[Opening Extracted data section]

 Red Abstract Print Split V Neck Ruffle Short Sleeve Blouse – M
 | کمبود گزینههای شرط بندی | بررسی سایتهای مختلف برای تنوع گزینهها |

[Closing Extracted data section]
[Opening Extracted data section]

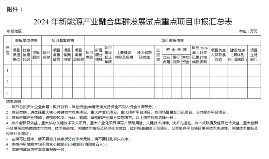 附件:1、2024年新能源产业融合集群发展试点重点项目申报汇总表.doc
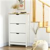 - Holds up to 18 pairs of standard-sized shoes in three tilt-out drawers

[Closing Extracted data section]
[Opening Extracted data section]

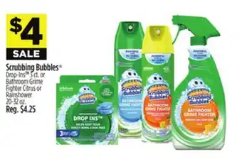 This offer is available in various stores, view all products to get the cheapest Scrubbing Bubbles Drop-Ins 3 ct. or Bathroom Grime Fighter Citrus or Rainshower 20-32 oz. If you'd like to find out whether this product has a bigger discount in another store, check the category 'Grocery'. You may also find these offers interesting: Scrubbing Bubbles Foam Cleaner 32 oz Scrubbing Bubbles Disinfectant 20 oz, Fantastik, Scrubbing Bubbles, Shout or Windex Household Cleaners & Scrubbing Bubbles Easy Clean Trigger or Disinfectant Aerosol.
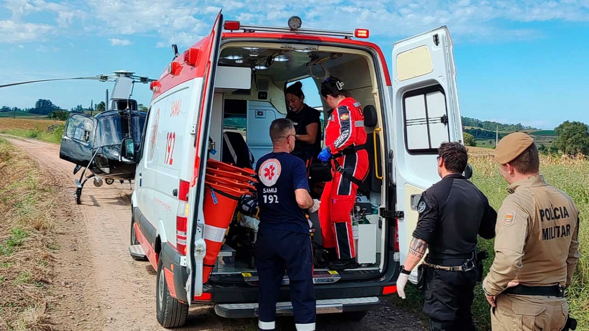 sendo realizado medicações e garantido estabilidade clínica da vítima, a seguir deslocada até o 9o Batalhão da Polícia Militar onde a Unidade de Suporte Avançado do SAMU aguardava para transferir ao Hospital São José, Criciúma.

[Closing Extracted data section]

**Task instructions:**
Return exactly the lines above from the line that has "Red Abstract Print" through the line that has "تنوع گزینهها |", inclusive, and nothing else.

**Finished exercise:**
 Red Abstract Print Split V Neck Ruffle Short Sleeve Blouse – M
 | کمبود گزینههای شرط بندی | بررسی سایتهای مختلف برای تنوع گزینهها |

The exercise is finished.